Any help is greatly appreciated.
a) Correct, to four decimal places.

b) I don't think so.

$T = T_1 + T_2 + T_3$ (which is very different to $T = 3T_1$ )

$f(t) = \, .....$ (reading this will give yu a clue to what needs to be done here).

$\Pr(T < 6) = ....$

3. Should I calculate the prob of each tube lasting 6 years,then add together???

e^(-2)=.1353

.1353+.1353+.1353=.4059

4. Originally Posted by kid funky fried
Should I calculate the prob of each tube lasting 6 years,then add together???

e^(-2)=.1353

.1353+.1353+.1353=.4059
No, you need to calculate the pdf for T, the sum of the three random variables. Read the link I provided.

But using a moment generating function approach is probably the simplest way. If I have time I'll post some details of the calculation later.

5. Originally Posted by mr fantastic
No, you need to calculate the pdf for T, the sum of the three random variables. Read the link I provided.

But using a moment generating function approach is probably the simplest way.
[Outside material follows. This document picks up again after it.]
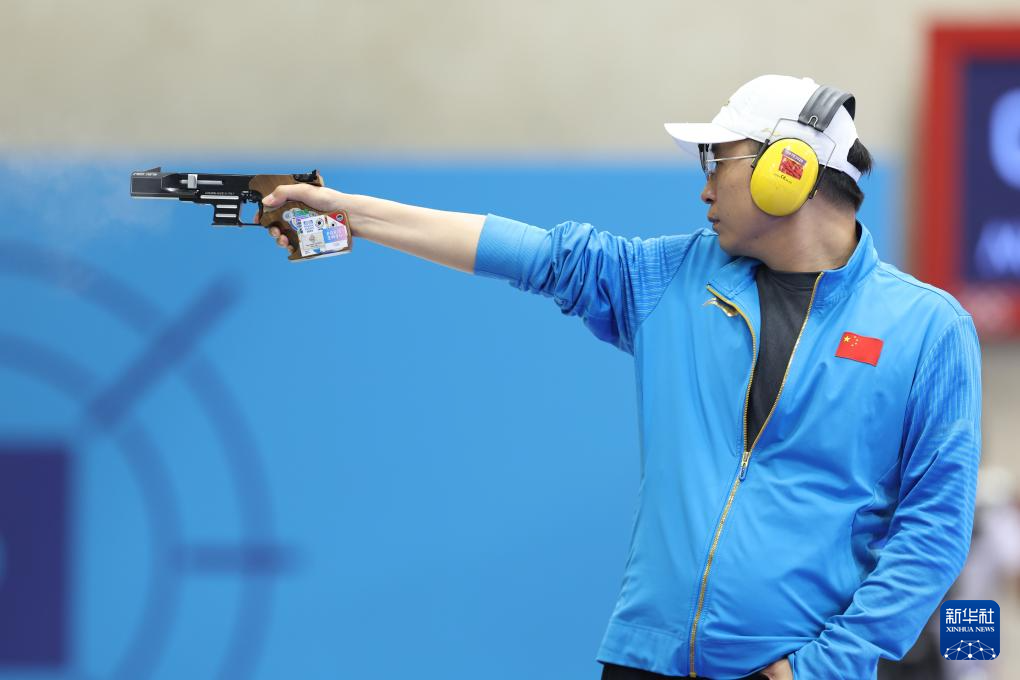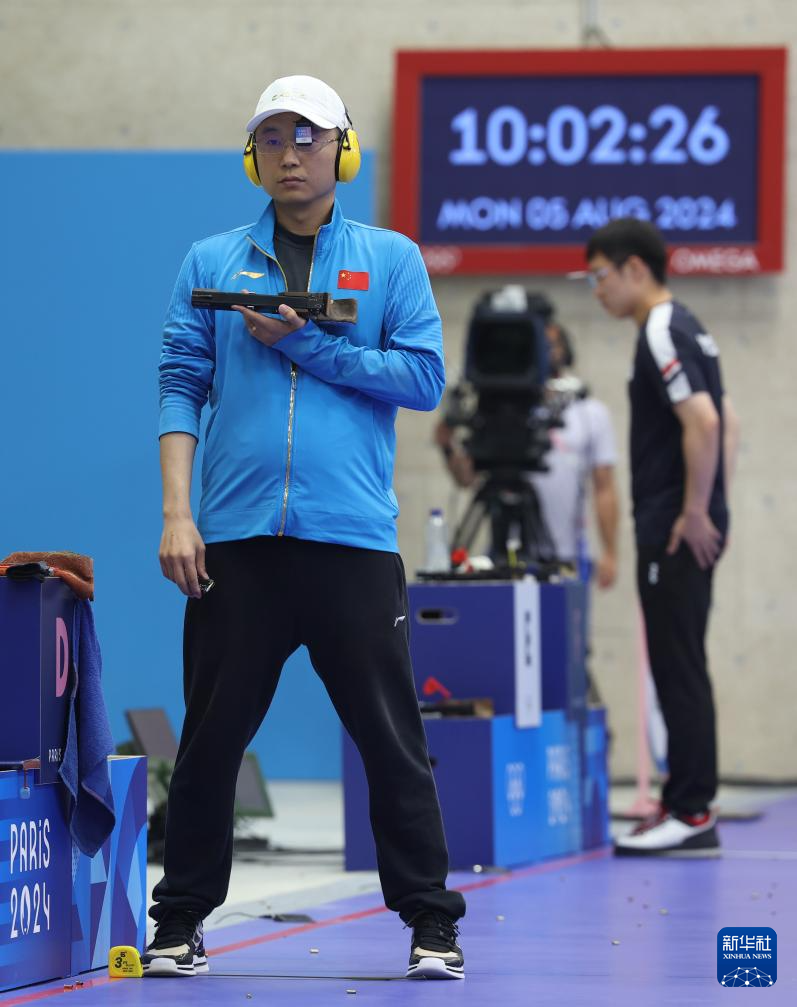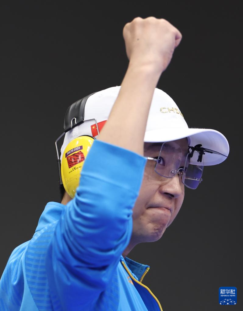 8月5日,中國選手李越宏在最后一槍后慶祝。新華社記者 張帆 攝

If I have time I'll post some details of the calculation later.
If $T_i$ has mean $\beta$ and follows an exponential distribution then the moment generatting function of $T_i$ is $m_{T_i}(t) = \frac{1}{1 - \beta t}$.

If $T = T_1 + T_2 + T_3$ and the $T_i$ are i.i.d. random variables then the moment generating function of T is

$m_{T}(t) = \left( \frac{1}{1 - \beta t} \right)^3 = \frac{1}{(1 - \beta t)^3}$.

This is recognised as the moment generating function of a random variable that follows a gamma distribution.

The pdf of T is therefore $f(t) = \frac{1}{\Gamma(3) \beta^3} \, t^{3 - 1} \, e^{-t/\beta} = \frac{1}{2 \beta^3} \, t^{2} \, e^{-t/\beta}$.

In your case $\beta = 3$.

$\Pr(T < 6) = \int_0^6 f(t) \, dt$.